The availability of CreateBucket shouldnt effect the availability of customers apps. This tends to be true anyway because of the low default limit of buckets per account (if your service creates buckets as part of normal operation it will run out pretty quickly).

The difference with Google Cloud is a lot of the core functionality (networking, storage) is multi region and consistent. The only thing thats a bit like that in AWS is IAM, however IAM is eventually consistent.


But isn't CreateBucket the single s3 operation where you need global consistency?


As far as I know bucket policy operations also require global consistency.


I find GCP quicker to post status updates about issues than AWS, but GCP also seems to run into more problems that span across multiple regions.

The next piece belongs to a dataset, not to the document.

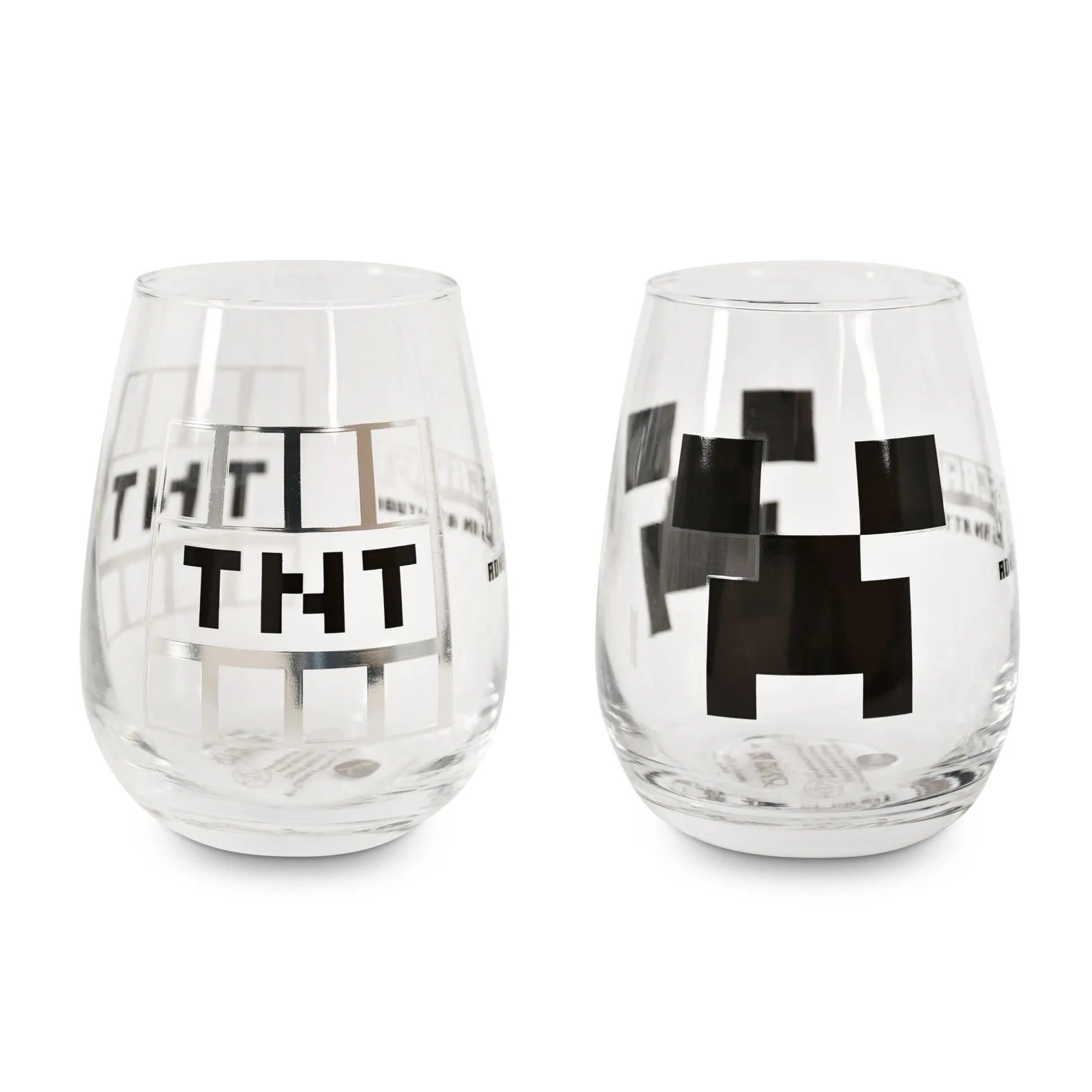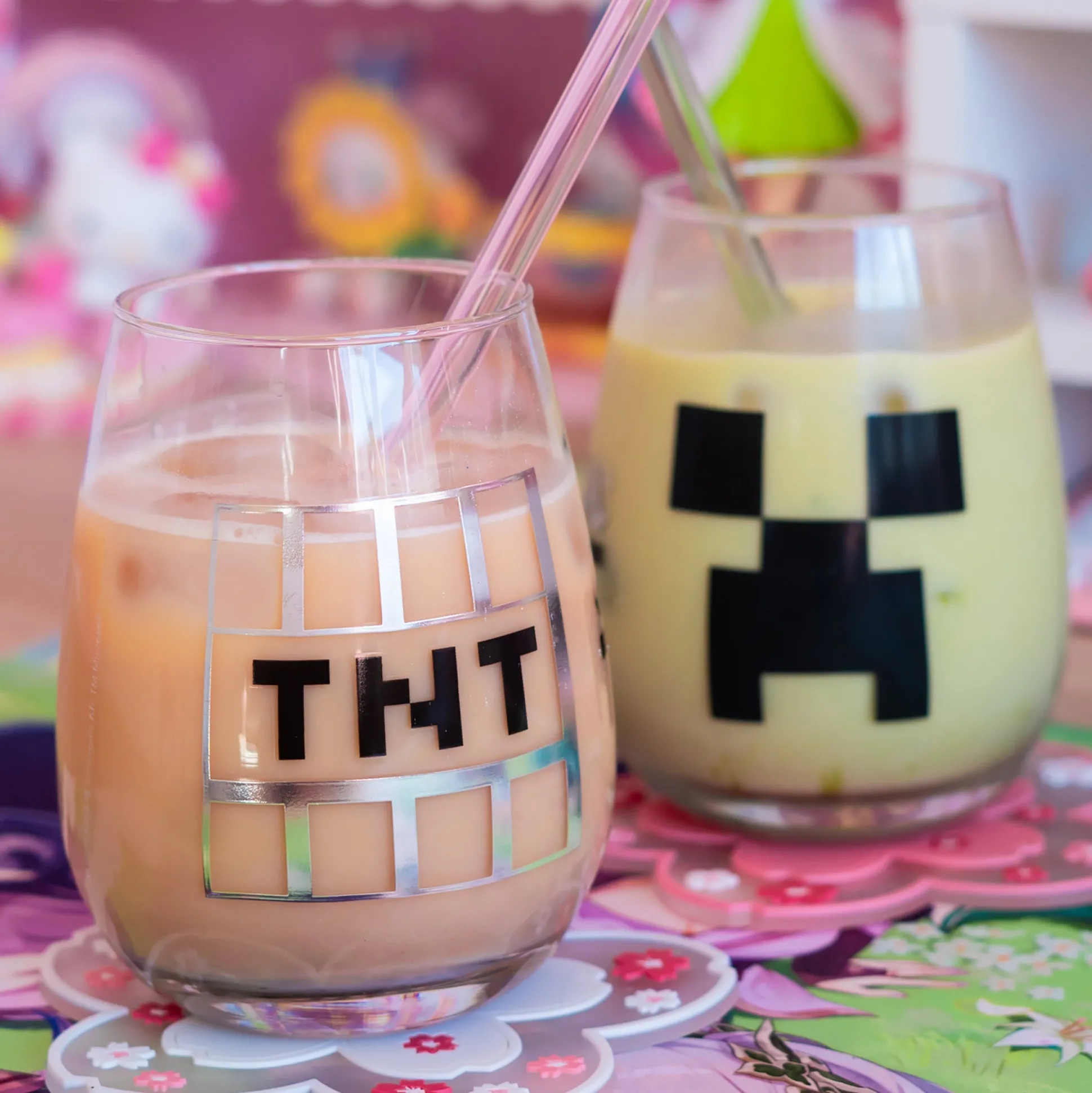 - set bevat 2 glazen met Creeper- en TNT-ontwerpen

I'm overall happy with it, but if I needed to run a service with a 99.95% uptime SLA or higher, I wouldn't rely solely on GCP.


AWS has better customer service and I don’t remember the last time there was a huge outage like this besides the S3 outage


There was a terribly day 2-3 months back in us-west-2 where CloudWatch went down for a couple of hours and took out AutoScaling with it, causing a bunch of services like DynamoDB and EC2 to improperly scale in tables and clusters, and then 12 hours later Lambda went down for a couple of hours, degrading or disabling a bunch of other AWS services.


I've heard from people who have worked with both AWS and GCP that AWS has far better availability.


I've also heard similar from a teammate who previously worked with GCP. That said I know several folks who work for GCP and they are expending significant resources to improve the product and add features.